Удивление Пепса перешло в испуг.

– О-о, – закачал он головой, – это нет позволено – чужой бик жарить. Я не хочу тюрьма сидеть.

– Эх, ты! – сказал Артемка сочувственно. – Не понимаешь! Вот смотри. – Он показал на удочку; – К морю пойдем, будем рыбу ловить.

– О, это хорошо, это очень хорошо! – радостно закивал головой Пепс.

Он сейчас же поднялся и надел шляпу:

– Когда я бил мальчик, я очень хотел риба ловить. Мой патрон это не позволил. Я очень плакал…

Они вышли на улицу. У Артемки в руках коробка с червями и ведро для рыбы; Пепс несет потертый коврик и две удочки, такие длинные, что чуть не цепляет ими за телеграфную проволоку. Все на них оглядываются: ишь, мол, негр с мальчиком рыбу идет ловить.

Артемку так и распирает от гордости.

– Которые не понимают, те идут на банный спуск удить. А там разве бычок? Курям на смех, – говорил он. – Тем бычком и воробья не накормишь.
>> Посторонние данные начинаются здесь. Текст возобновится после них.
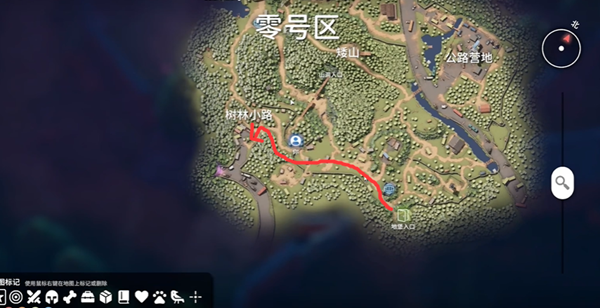 玩家从零号区从地堡入口出发,跟着下图所示的位置往前走。

А мы пойдем на мол.

Артемке казалось, что уважение к нему негра возрастет, если тот узнает, каких больших бычков ловит Артемка.

– Там во бычок! – повторяет он, отмеривая себе руку до локтя.

И вот они на молу. Сидят, свесив ноги. А внизу – сваи, позеленевшие и скользкие. О них тихонько плещет вода. В порту скользят гички и часто-часто стучат моторки. К причалу идет огромный, будто весь сшитый из ржавых листов железа грузовой пароход. Он трубит тяжким басом, и на взволнованной им воде, как ореховые скорлупки, прыгают лодки.

У Артемки то и дело ныряет поплавок. Он уже вытащил семь увесистых бычков. Поплавок Пепса спокойно лежит на воде, и это Пепса возмущает.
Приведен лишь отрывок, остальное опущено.